### Exercise aim
Exactly as written, write out the lines below from the first to the one containing "River Island –", inclusive. Pictures do not belong in the copy.

*** Input data Section Begins ***

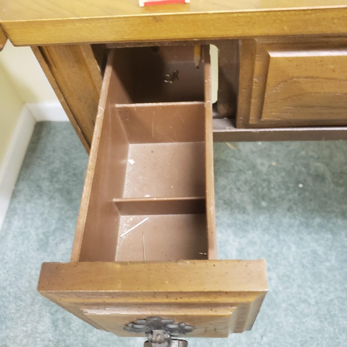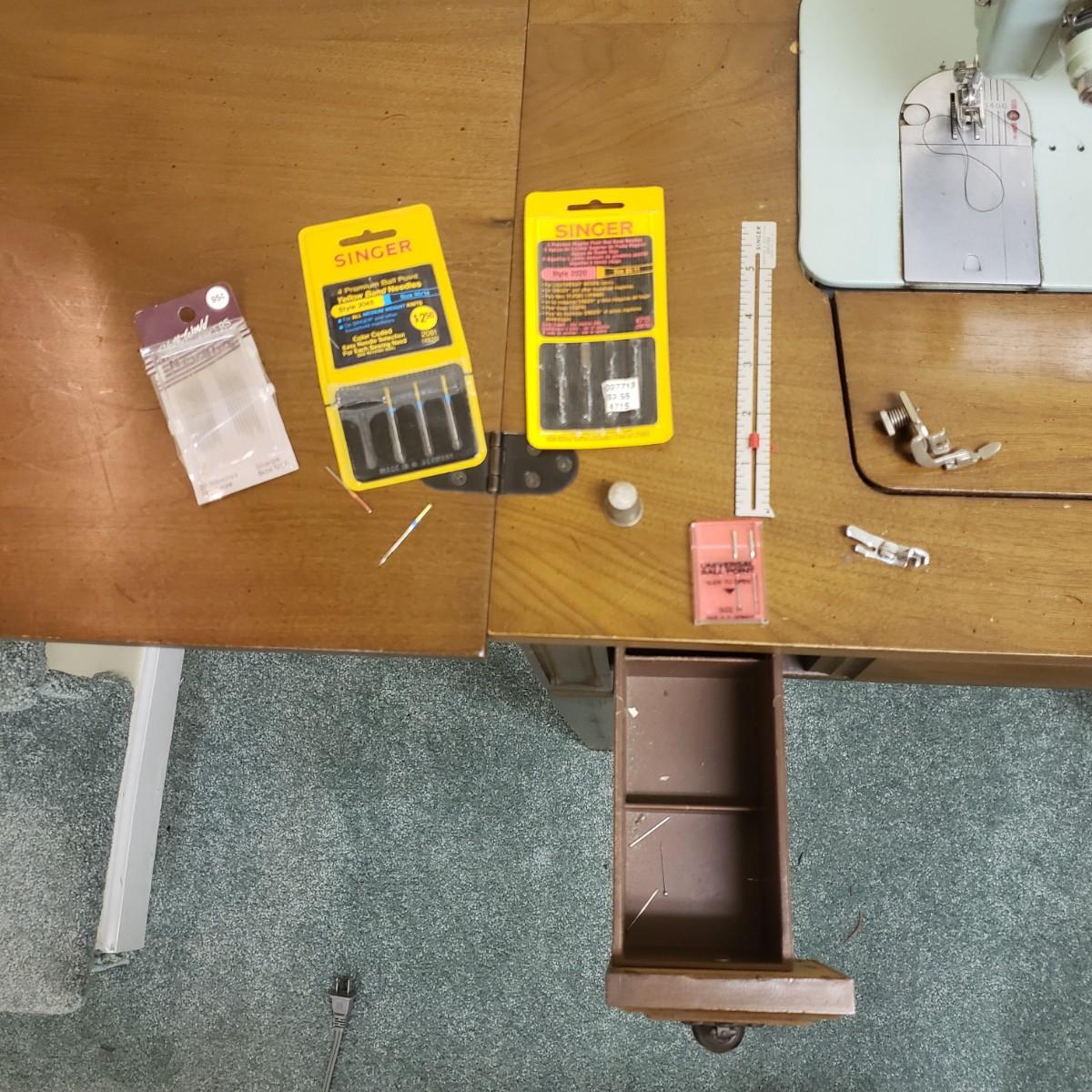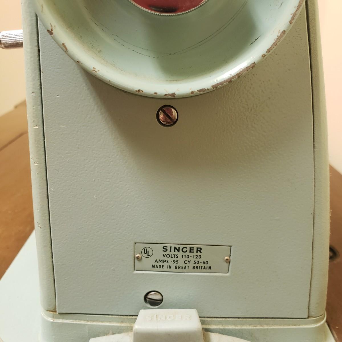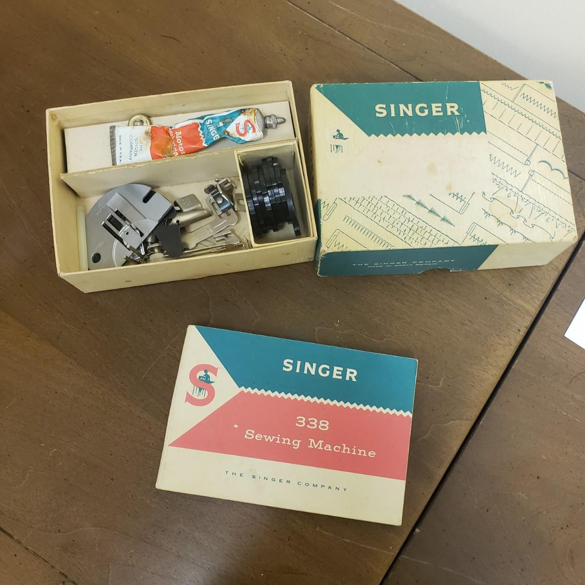 This vintage Singer Sewing machine cabinet measures 26" x 19" x 30"H fold up. The cabinet is made of wood and the front section with one drawer and one faux drawer is a plastic front. The machine fit in table for easy storage. When unfolded, the table measures 51" x 19" x 30"H. The sewing machine powers on when plugged in. The foot press will turn the spindle for a little bit, then stop, so it will need some maintenance to functional a sewing machine. The table itself would make a great side table! The box of feet and instruction manuals are included. The back bottom is hanging, but appears to be fixable.
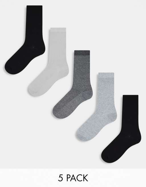 River Island – 5er-Pack gerippte knöchelhohe Socken in meliertem Grau
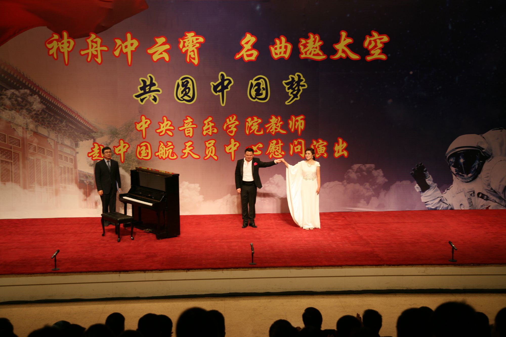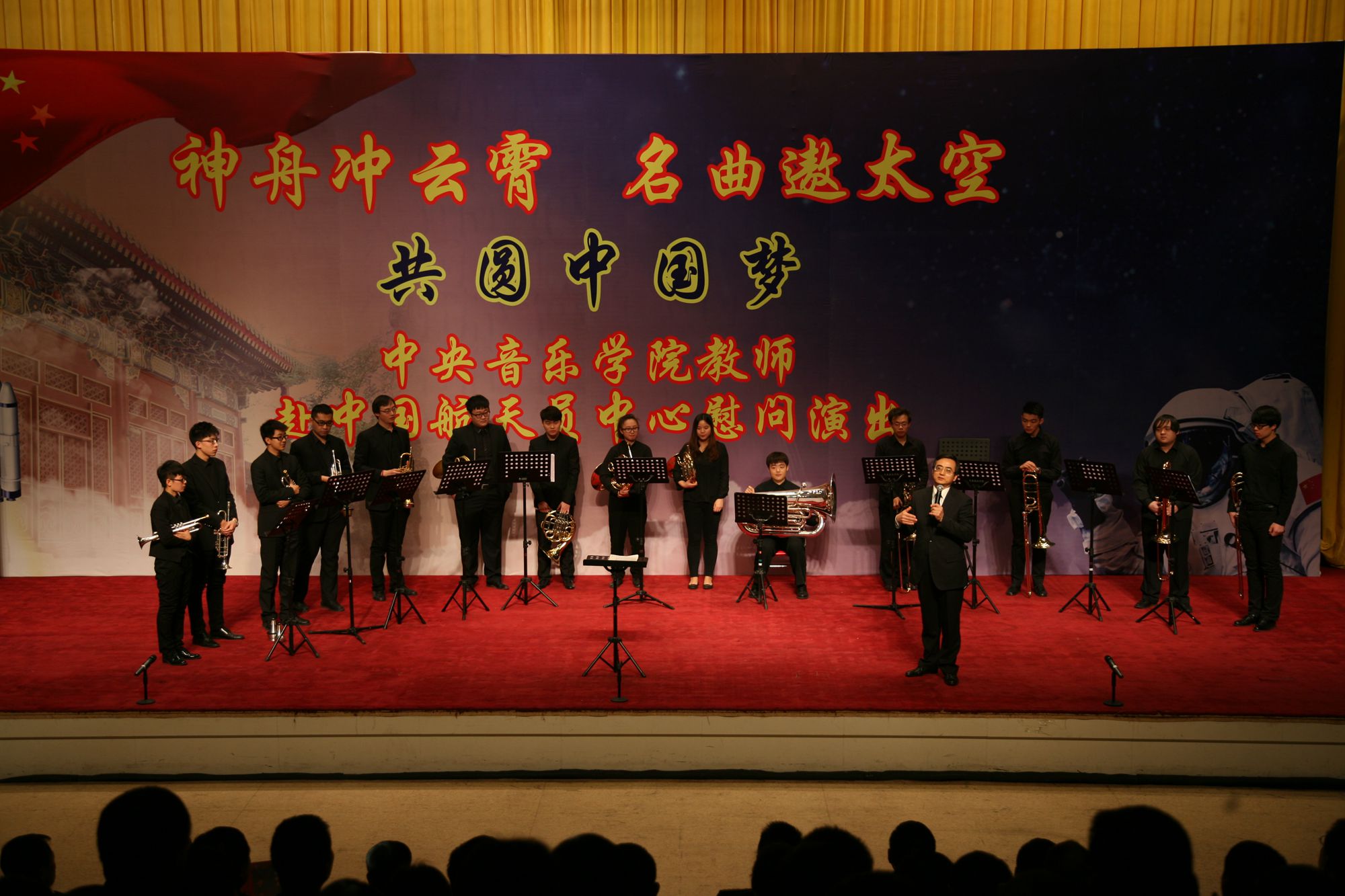 2014年12月24日中午,开云官网各系部分教师组成的艺术实践团赴中国航天员培训中心进行专场慰问演出。参加慰问演出的均为活跃在国内外乐坛上的著名音乐家,有管弦系系主任赵瑞林、柴亮、鲁鑫,声歌系谢天、孙媛媛、张佳林,民乐系副主任章红艳、王颖,以及各院系优秀学生。音乐会由工会副主席李昕老师主持。
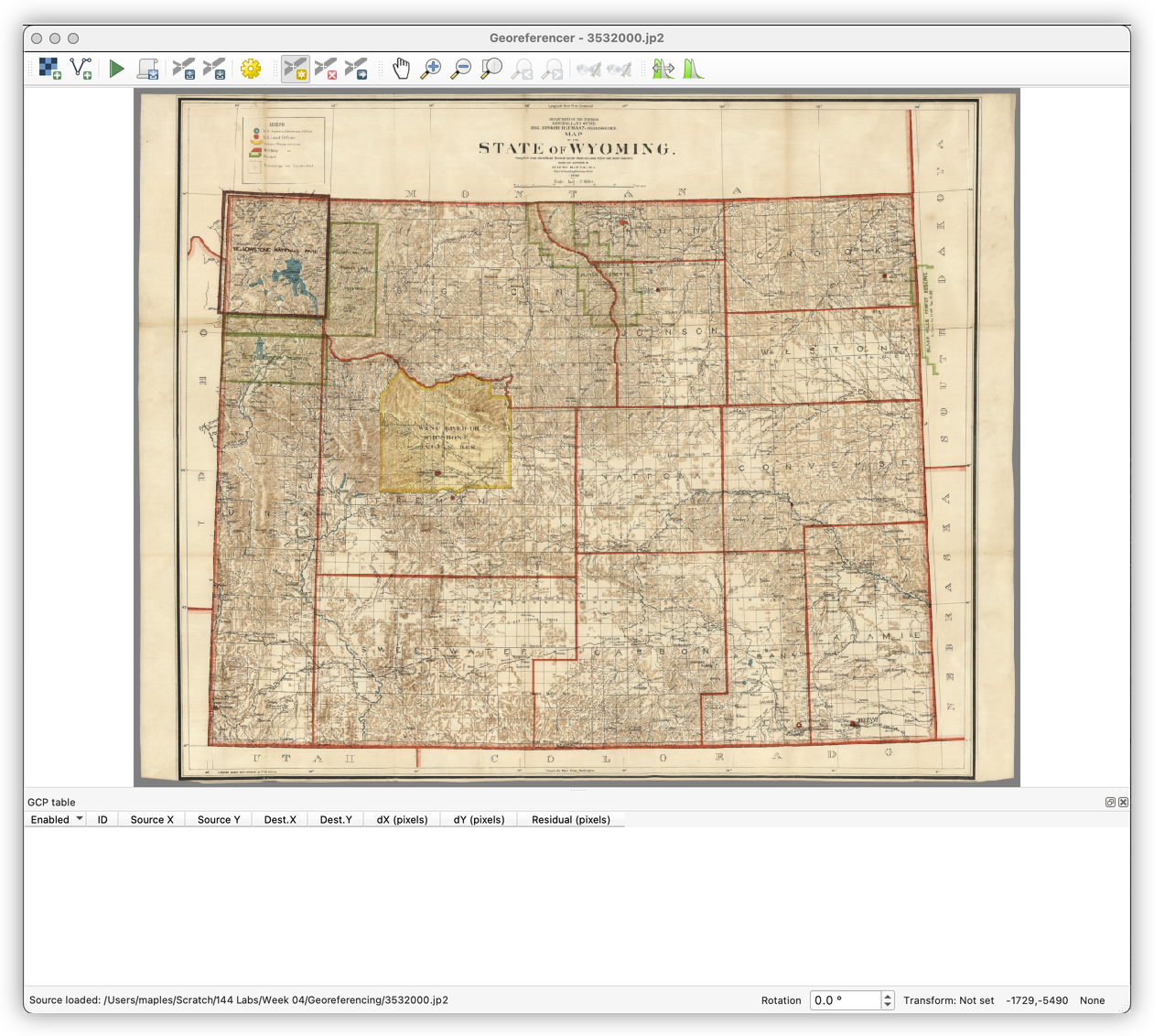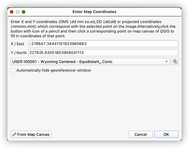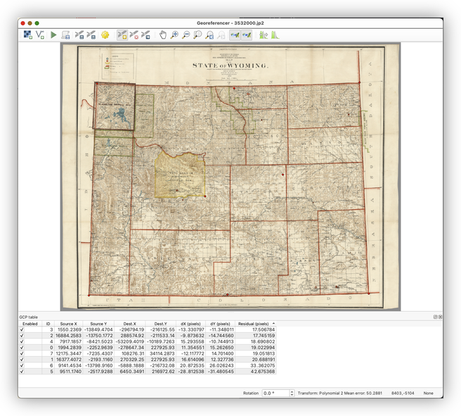 Why make a custom CRS? Georeferencing works best when the target projection fits the map you are aligning. A projection centered on Wyoming reduces distortion for this specific use case and gives you a more sensible geometric target.

*** Input data Section Ends ***

### Result of this task
 This vintage Singer Sewing machine cabinet measures 26" x 19" x 30"H fold up. The cabinet is made of wood and the front section with one drawer and one faux drawer is a plastic front. The machine fit in table for easy storage. When unfolded, the table measures 51" x 19" x 30"H. The sewing machine powers on when plugged in. The foot press will turn the spindle for a little bit, then stop, so it will need some maintenance to functional a sewing machine. The table itself would make a great side table! The box of feet and instruction manuals are included. The back bottom is hanging, but appears to be fixable.
 River Island – 5er-Pack gerippte knöchelhohe Socken in meliertem Grau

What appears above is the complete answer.